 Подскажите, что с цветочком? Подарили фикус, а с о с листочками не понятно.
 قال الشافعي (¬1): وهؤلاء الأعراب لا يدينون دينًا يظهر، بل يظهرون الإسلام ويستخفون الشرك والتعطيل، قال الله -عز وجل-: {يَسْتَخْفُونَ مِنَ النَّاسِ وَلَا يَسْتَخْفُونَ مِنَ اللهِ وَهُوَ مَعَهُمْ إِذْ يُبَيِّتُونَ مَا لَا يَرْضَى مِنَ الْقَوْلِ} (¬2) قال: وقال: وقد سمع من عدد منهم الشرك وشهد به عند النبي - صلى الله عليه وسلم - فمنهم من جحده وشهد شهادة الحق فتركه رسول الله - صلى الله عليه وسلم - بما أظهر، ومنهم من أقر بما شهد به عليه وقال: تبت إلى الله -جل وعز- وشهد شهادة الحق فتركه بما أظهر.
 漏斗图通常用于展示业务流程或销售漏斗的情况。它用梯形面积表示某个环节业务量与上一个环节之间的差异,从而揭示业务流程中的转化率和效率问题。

---

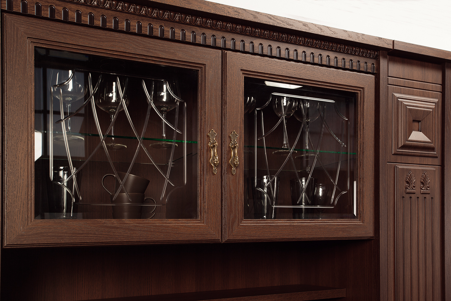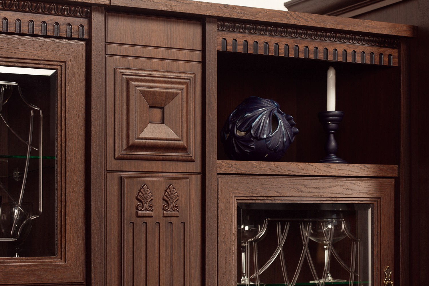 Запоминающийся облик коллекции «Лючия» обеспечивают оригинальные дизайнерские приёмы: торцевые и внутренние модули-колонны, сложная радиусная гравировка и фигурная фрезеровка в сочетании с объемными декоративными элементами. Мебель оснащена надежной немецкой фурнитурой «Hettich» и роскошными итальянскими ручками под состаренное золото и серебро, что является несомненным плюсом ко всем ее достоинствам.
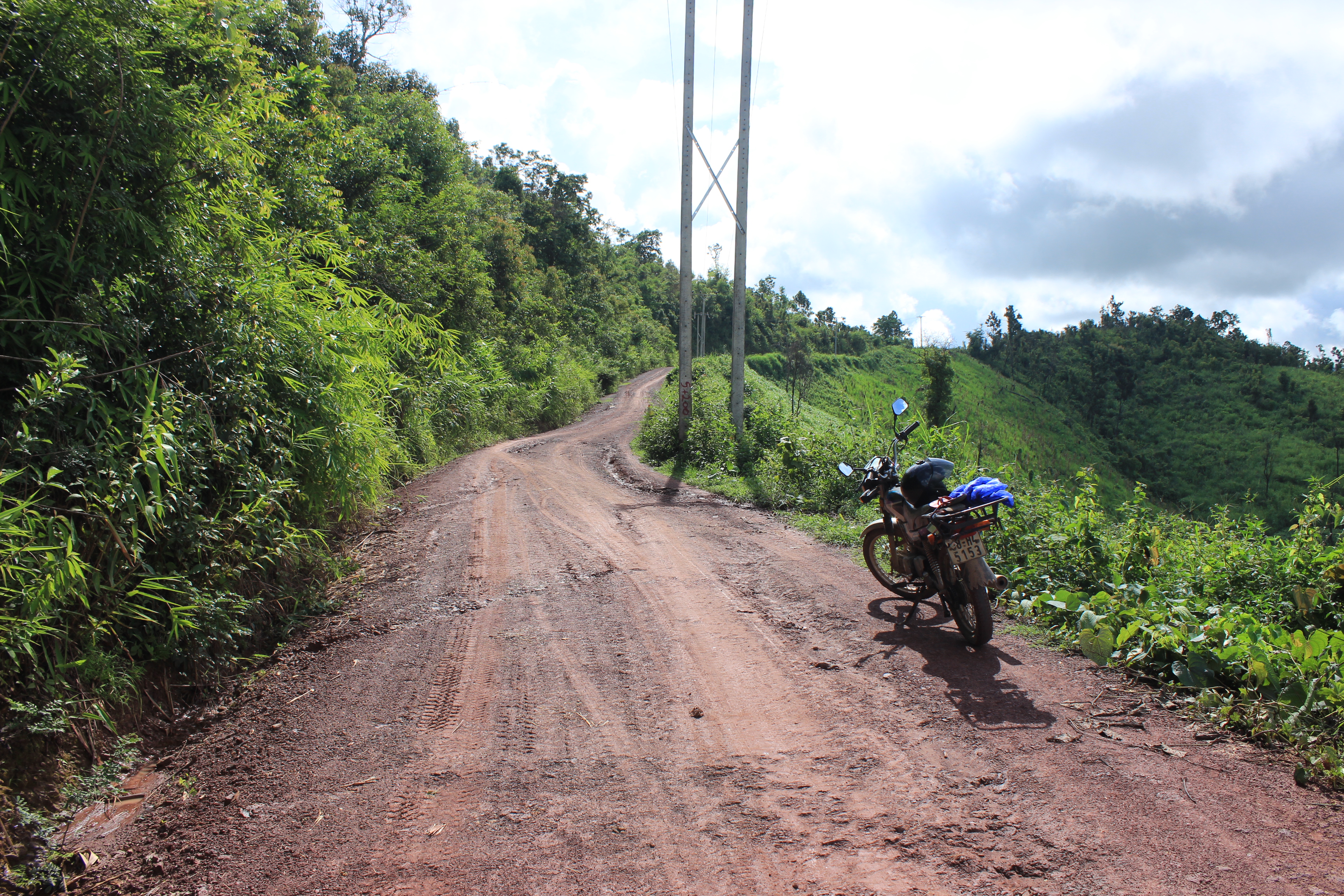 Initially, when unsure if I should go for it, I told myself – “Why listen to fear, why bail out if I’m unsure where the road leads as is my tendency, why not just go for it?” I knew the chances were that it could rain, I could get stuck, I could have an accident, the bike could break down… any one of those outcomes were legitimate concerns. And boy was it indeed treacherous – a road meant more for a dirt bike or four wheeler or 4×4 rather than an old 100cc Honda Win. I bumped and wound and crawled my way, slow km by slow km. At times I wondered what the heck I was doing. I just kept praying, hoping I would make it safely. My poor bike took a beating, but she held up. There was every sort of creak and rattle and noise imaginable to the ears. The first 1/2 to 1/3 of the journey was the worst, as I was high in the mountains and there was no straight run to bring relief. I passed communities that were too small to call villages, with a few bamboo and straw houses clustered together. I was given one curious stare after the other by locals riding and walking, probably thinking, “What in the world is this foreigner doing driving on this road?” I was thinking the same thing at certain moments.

_Your assignment_
Above are the entries. Quote exactly the lines from the one bearing "قال الشافعي (¬1): وهؤلاء" through the one bearing "漏斗图通常用于展示业务流程或".

_Written reply_
 قال الشافعي (¬1): وهؤلاء الأعراب لا يدينون دينًا يظهر، بل يظهرون الإسلام ويستخفون الشرك والتعطيل، قال الله -عز وجل-: {يَسْتَخْفُونَ مِنَ النَّاسِ وَلَا يَسْتَخْفُونَ مِنَ اللهِ وَهُوَ مَعَهُمْ إِذْ يُبَيِّتُونَ مَا لَا يَرْضَى مِنَ الْقَوْلِ} (¬2) قال: وقال: وقد سمع من عدد منهم الشرك وشهد به عند النبي - صلى الله عليه وسلم - فمنهم من جحده وشهد شهادة الحق فتركه رسول الله - صلى الله عليه وسلم - بما أظهر، ومنهم من أقر بما شهد به عليه وقال: تبت إلى الله -جل وعز- وشهد شهادة الحق فتركه بما أظهر.
 漏斗图通常用于展示业务流程或销售漏斗的情况。它用梯形面积表示某个环节业务量与上一个环节之间的差异,从而揭示业务流程中的转化率和效率问题。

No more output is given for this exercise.